Innovazione, ottimismo, futuro. Sono le parole chiave su cui punta Vodafone che ha annunciato oggi la nuova strategia di posizionamento del proprio brand. Nuovo il look, centrale il marchio (la “virgoletta”), nuovo lo slogan: “Il futuro è straordinario. Ready?”, declinato in tutte le lingue dei Paesi in cui il gruppo è presente (dall’inglese “The future is exciting. Ready?”).

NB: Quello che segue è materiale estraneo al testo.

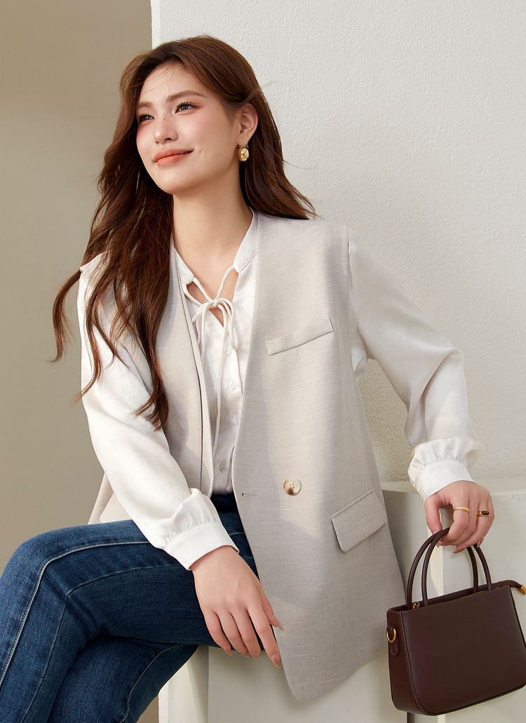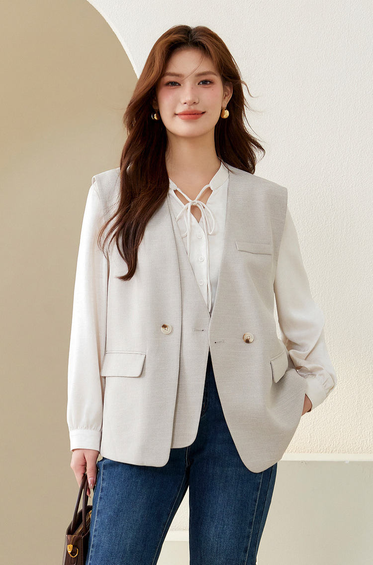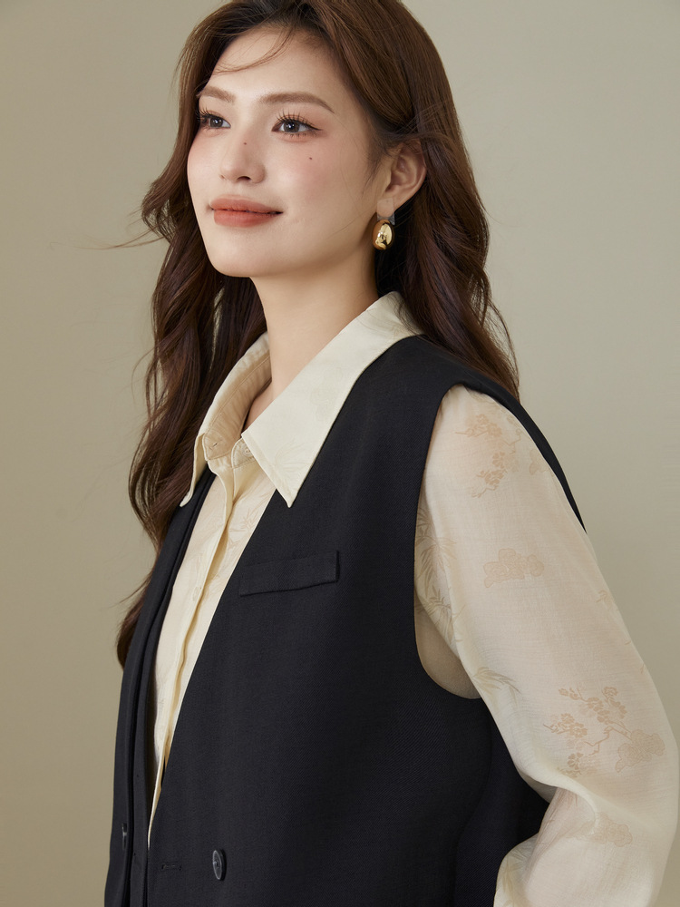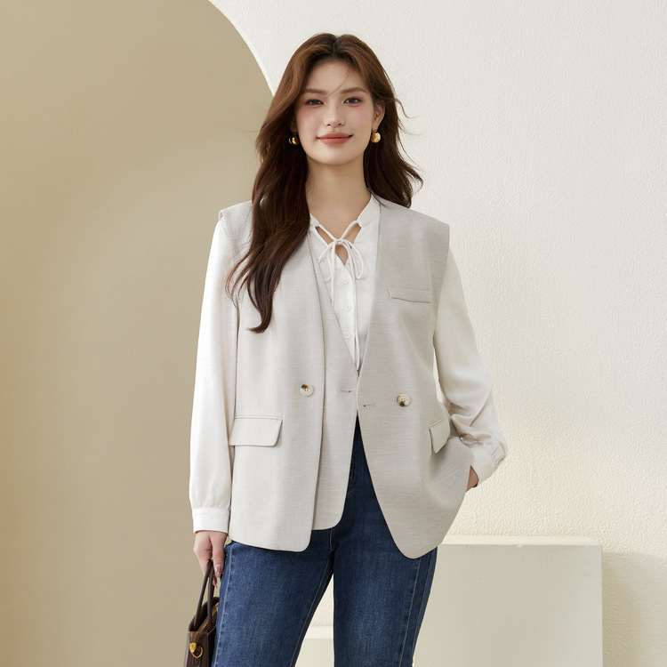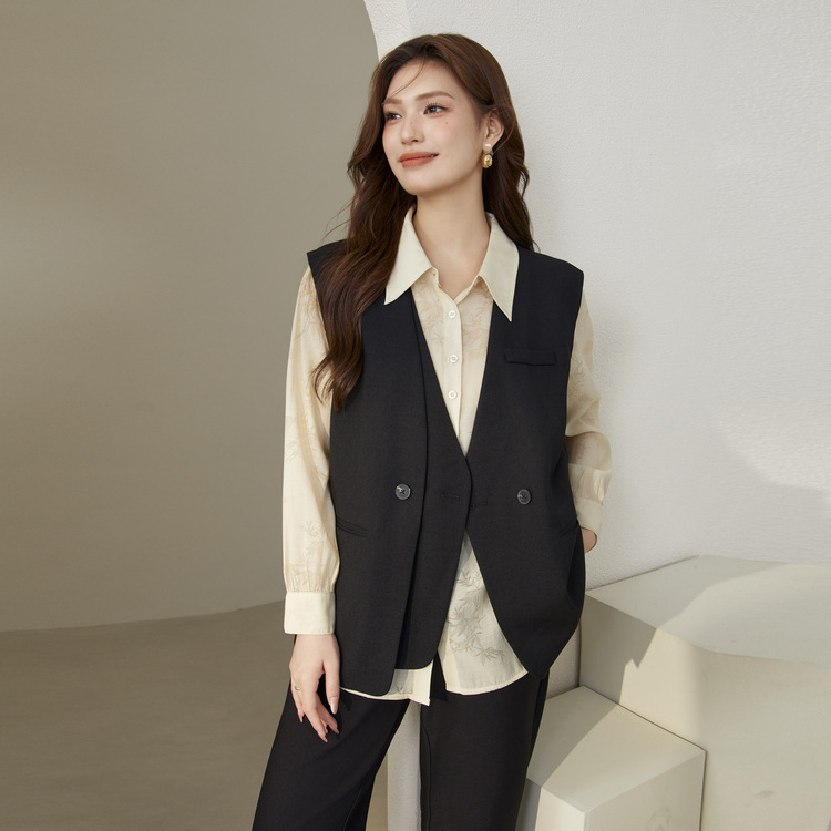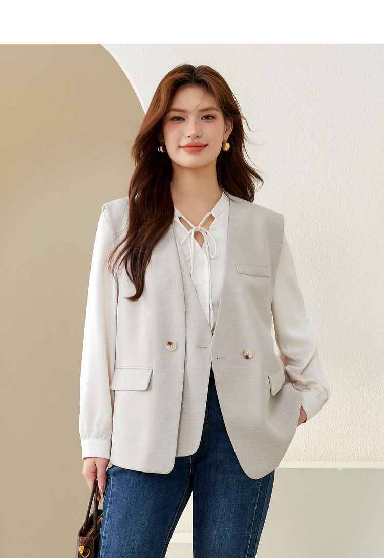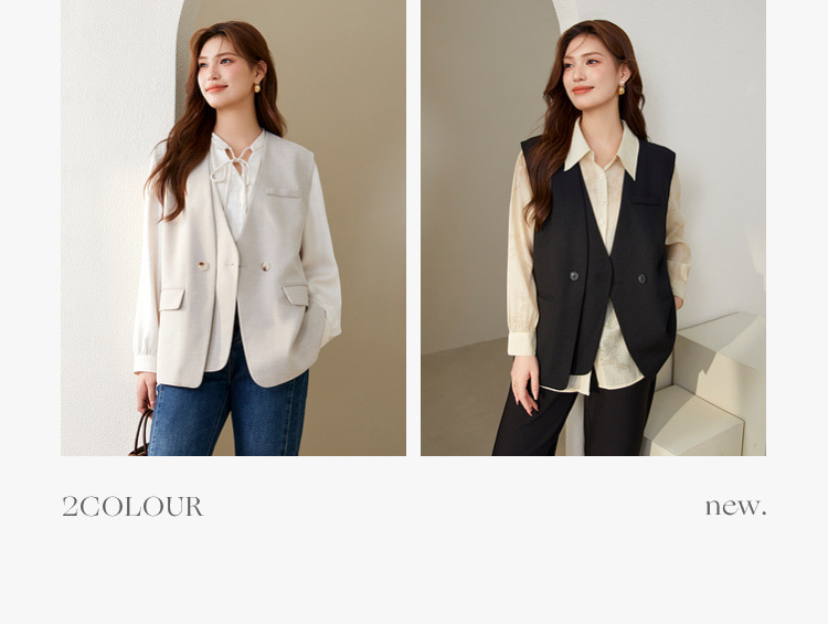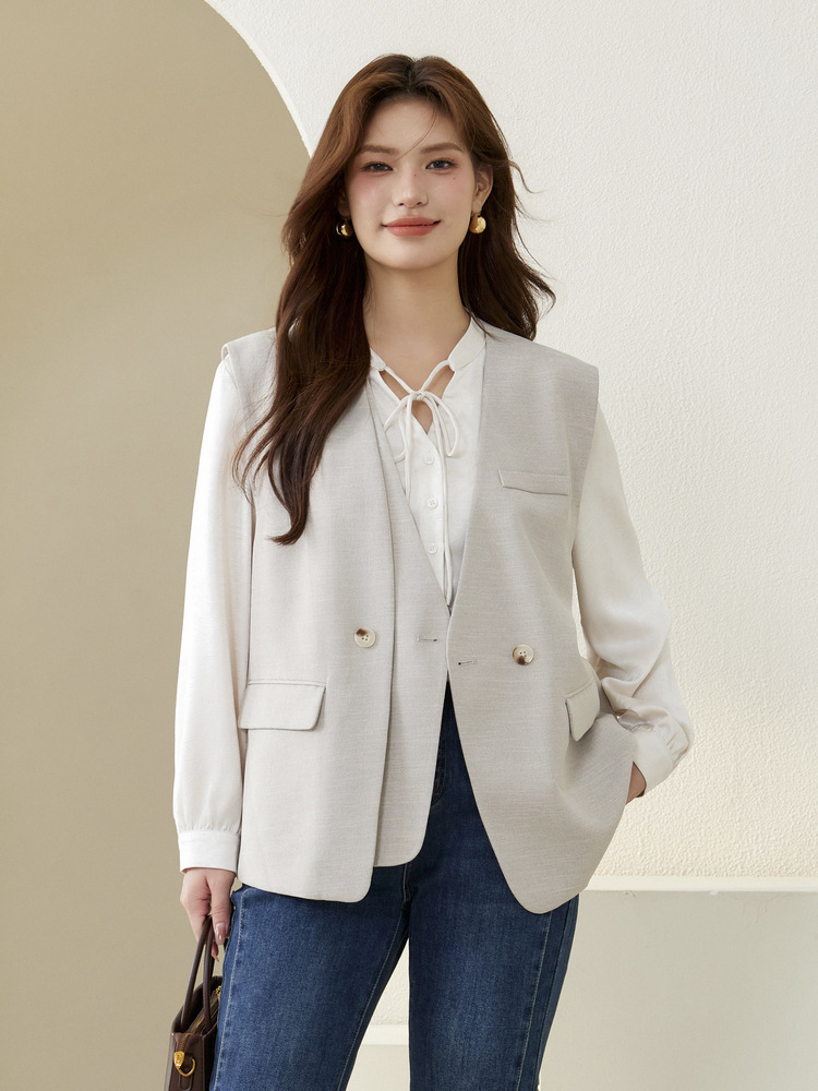 Слепое шоу большого размера женского дизайна поддельные две части индивидуальности модный темперамент повседневный жилет жирный mm2024 осенний новый
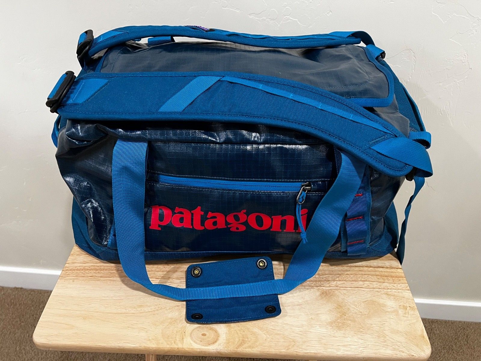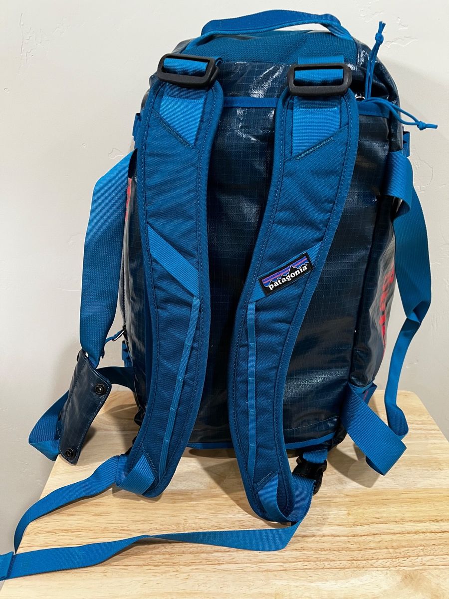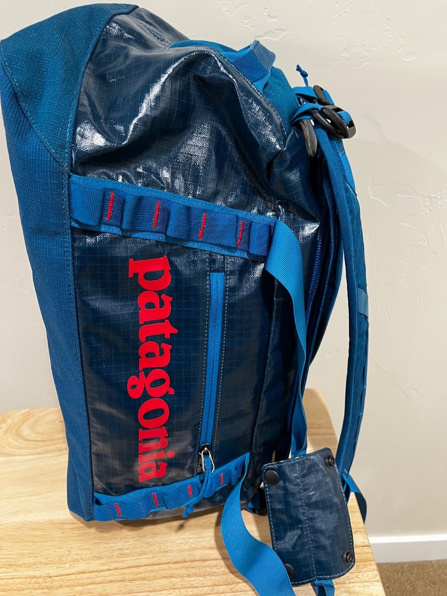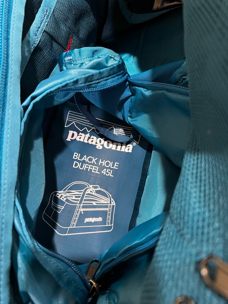 VenmoThe Patagonia Black Hole 45L duffle with detachable backpack straps is a versatile and durable travel bag perfect for any occasion. Made of polyester material with a solid blue color and red logo, this duffle features a zip closure to main compartment and nylon handle/strap material for easy transportation. The detachable backpack straps add convenience and flexibility, making it suitable for both the duffle and backpack styles. With its high-quality construction and reputable Patagonia brand, this duffle is a reliable choice for unisex adults on the go. External pocket allows access to inside main compartment. Two inside zip mesh pockets. Excellent condition. Carry on size- works for short trips. Can be stuffed in internal pocket for storage.

Insomma, un cambio di passo che esce dall’ordinaria amministrazione. Si tratta infatti  della più grande campagna pubblicitaria lanciata dal colosso telefonico multinazionale, a livello globale, nei suoi 33 anni di storia. Lo spot TV – un filmato di 60 secondi che racconta come l’interazione umana rimanga una costante mentre le tecnologie evolvono nel tempo – è stato prodotto dall’agenzia “Ridley Scott Associates”. Si tratta del primo rinnovamento da quando, nel 2009, fu lanciato lo slogan “Power to you”. Per avere un’idea della posta in gioco vale la pena ricordare che il marchio Vodafone, tra i più conosciuti al mondo, è stato valutato 22 miliardi di dollari da Brand Finance 2017.

La partenza è fissata  per domani, 6 ottobre, ma il decollo della nuova strategia di comunicazione è stato il frutto di una lunga preparazione e di analisi approfondite. In particolare, Vodafone ha commissionato un sondaggio a YouGov su circa 13mila persone in 14 Paesi, tra cui l’Italia, per valutare come le persone percepiscono il futuro. Tra i principali risultati:
– Indipendentemente dall’età, gli intervistati ritengono che l’innovazione tecnologica avrà un impatto molto positivo sul futuro nei prossimi 20 anni;
– i giovani tra i 18 e i 24 anni, sono i più ottimisti riguardo al futuro, con il 62% convinto che gli standard di vita tra 20 anni saranno migliori rispetto ad oggi;
– complessivamente, gli intervistati di tutte le fasce di età ritengono che da qui a 20 anni i propri standard di vita, e quelli dei loro figli, saranno migliori rispetto ad oggi.

Vodafone si è anche rivolta all’agenzia Futerra per identificare 10 dei principali trend emergenti – dalle città del futuro a i grandi progetti per l’acqua all’intelligenza artificiale al  mondo a 100 Terawtt – che potrebbero trasformare nei prossimi 20 anni le abitazioni e la vita lavorativa delle persone. Per farlo, ha coinvolto cinque affermati “futurologi”, uno per continente, che tra le principali innovazioni tecnologiche hanno individuato: 
– componenti stampati in 3D per la costruzione di alloggi, con componenti stampati in 4D in grado di evolversi nel tempo assieme alle esigenze abitative delle famiglie;
– un aumento di cinque volte della capacità globale di produzione di energia pulita (da 17,5 a 100 Terawatt, per l’appunto) grazie all’installazione di pannelli solari non più solo sui tetti degli edifici, ma anche con “vetri solari” nelle finestre, sulle pareti e persino sulle autostrade;
– operazioni mediche personalizzate grazie alla bio-stampa 3D di organi e arti;
– nuovi sistemi di trasporto pubblico, con treni ultraveloci che collegheranno le città sfiorando i mille chilometri all’ora;
– progetti di raccolta idrica su larga scala, come sistemi di raccolta dell’acqua piovana, reintegro delle acque freatiche e dissalazione, in grado di trasformare la vita di 1,2 miliardi di persone che vivono in aree colpite da penuria idrica; e
– crescita dell’uso dei sensori connessi in agricoltura, con conseguente aumento della produzione alimentare, e sviluppo di nuove fonti proteiche che sostituiranno sempre più la carne.

Sarà davvero questo il futuro che ci attende? In ogni caso Vodafone sembra avere fatto la sua scelta: vuole associare il suo marchio all’innovazione e all’idea di un futuro improntato all’ottimismo.